Saleem Mukuddem

Personal information
- Born: 20 January 1972 (age 54) South Africa
- Batting: Right-handed
- Bowling: Right-arm medium

International information
- National side: Bermuda (2006–2007);
- ODI debut (cap 6): 17 May 2006 v Canada
- Last ODI: 25 March 2007 v Bangladesh

Career statistics
| Competition | ODI | FC | LA | T20 |
| Matches | 20 | 8 | 27 | 1 |
| Runs scored | 331 | 262 | 397 | 6 |
| Batting average | 23.64 | 21.83 | 19.85 | 6.00 |
| 100s/50s | 0/1 | 0/2 | 0/1 | 0/0 |
| Top score | 57 | 90 | 57 | 6 |
| Balls bowled | 960 | 1,008 | 1,296 | 12 |
| Wickets | 23 | 23 | 32 | 0 |
| Bowling average | 32.69 | 24.65 | 30.50 | – |
| 5 wickets in innings | 0 | 1 | 0 | – |
| 10 wickets in match | 0 | 0 | 0 | – |
| Best bowling | 4/40 | 6/50 | 4/40 | – |
| Catches/stumpings | 8/– | 9/– | 11/– | 0/– |
- Source: CricketArchive, 1 November 2017

= Saleem Mukuddem =

Bermudian cricketer (born 1972)

Saleem Mukuddem (born 20 January 1972) is a South African-born Bermudian former cricketer who played twenty One Day Internationals for the Bermuda national cricket team.

==International career==
He played in Bermuda's first ever One Day International, a match against Canada on 17 May 2006, taking two wickets. Three days later, Mukuddem scored 25 runs against Zimbabwe, although this was not enough, as Zimbabwe eventually won by 83 runs.

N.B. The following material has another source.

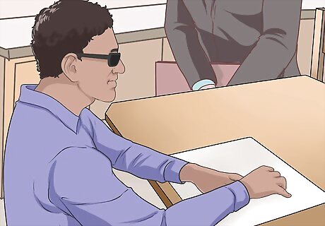 Arrange accommodations. People may be unaware of the accommodations that you need as a blind or visually impaired individual. Use positive language to state your needs. If you know of resources that you can share with others, this may help you be an even better advocate for yourself. If you are aware of certain light bulbs, places/computer programs to have documents translated to braille, or other resources that could help your employer or school accommodate you it can help make the process easier. You might start by directing them to the American Foundation for the Blind. At work, for example, you might need an adjustment in your schedule because of transportation limitations in your area. Be clear with your employer about how much time is needed based on the transit options you have. At school, for example, you may need larger print or an adjustment in lighting. Make sure that your teachers know that this is a necessity for you to perform your best. You can approach your teacher after class and say something like, "I can't see what you write on the chalkboard and it makes it hard for me to follow the lesson and take notes. Can I move to a desk in the front row or could you write in larger print on the board?" If you are not given the necessary accommodations, you have the right to file a formal complaint. Take note of when and where the incident occurred. Prepare documentation of your request for accommodations and the denial of your requests. You can file complaints with the Equal Employment Opportunity Commission (EEOC) or with your school district.

Mukuddem has played in all eight of Bermuda's ICC Intercontinental Cup games, the 2005 ICC Trophy, the ICC Americas Championship in 2004 and 2006 and the 2006 Stanford 20/20.

He announced his retirement from international cricket at the end of the 2007 Cricket World Cup.

==Post-retirement==
In 2014, he was appointed interim chief executive officer of Eastern Province Cricket Board.